A commercial aircraft flies at a Mach number of 0.67 at an altitude where the air temperature is -19.15 C. Assume ISA conditions.

We are given the Mach number and air temperature. We can use the equation for the speed of sound in air in terms of temperature in ISA conditions:

a = (331.3 + 0.606T) m/s

where a is the speed of sound in m/s and T is the air temperature in degrees Celsius. At -19.15 C, we have:

a = (331.3 + 0.606(-19.15)) m/s
= 320.8 m/s

The Mach number is defined as the ratio of the speed of the aircraft to the speed of sound, so we can write:

M = v/a

where M is the Mach number and v is the speed of the aircraft.

Solving for v, we get:

v = Ma = 0.67 x 320.8 = 215.0 m/s

To find the altitude, we need to use the standard atmosphere table. At ISA conditions, the speed of sound is 340.3 m/s at sea level and decreases with altitude.
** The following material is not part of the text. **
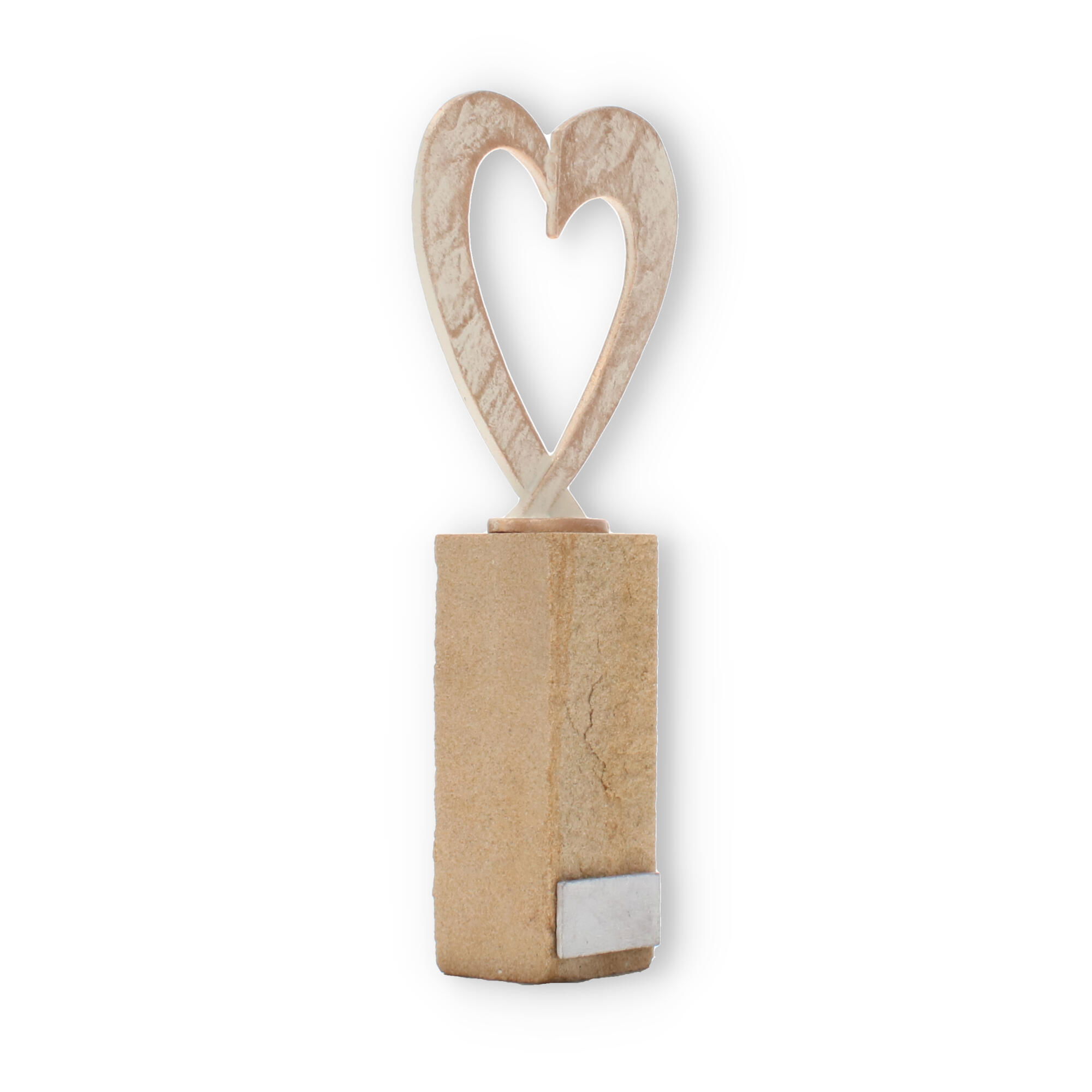 Lascia che i trofei Cuore bianco-oro diventino il simbolo del tuo evento, un omaggio che racchiude in sé l'eleganza della natura e la raffinatezza del design. La base in arenaria si contrappone armoniosamente ai dettagli in bianco e oro della figura, creando un equilibrio visivo affascinante. Ogni trofeo è caratterizzato da un cuore dalle linee sinuose, che con le sue tonalità calde evoca l'autenticità della pietra naturale.

We can use the formula for the variation of temperature with altitude:

T = T0 - Lh

where T0 is the temperature at sea level (15 C), L is the lapse rate (-6.5 C/km), h is the altitude in km, and T is the temperature at the given altitude.

Solving for h, we get:

h = (T0 - T)/L = (15 - (-19.15))/(-6.5) = 5.98 km

Converting to metres, we get:

h = 5.98 km x 1000 m/km = 5980 m

Therefore, the aircraft is flying at an altitude of 5980 m.

To find the equivalent airspeed, we use the formula:

EAS = TAS/√(ρ/ρ0)

where EAS is the equivalent airspeed, TAS is the true airspeed in m/s, ρ is the air density at altitude, and ρ0 is the air density at sea level. We can assume a standard value of ρ0 = 1.225 kg/m3.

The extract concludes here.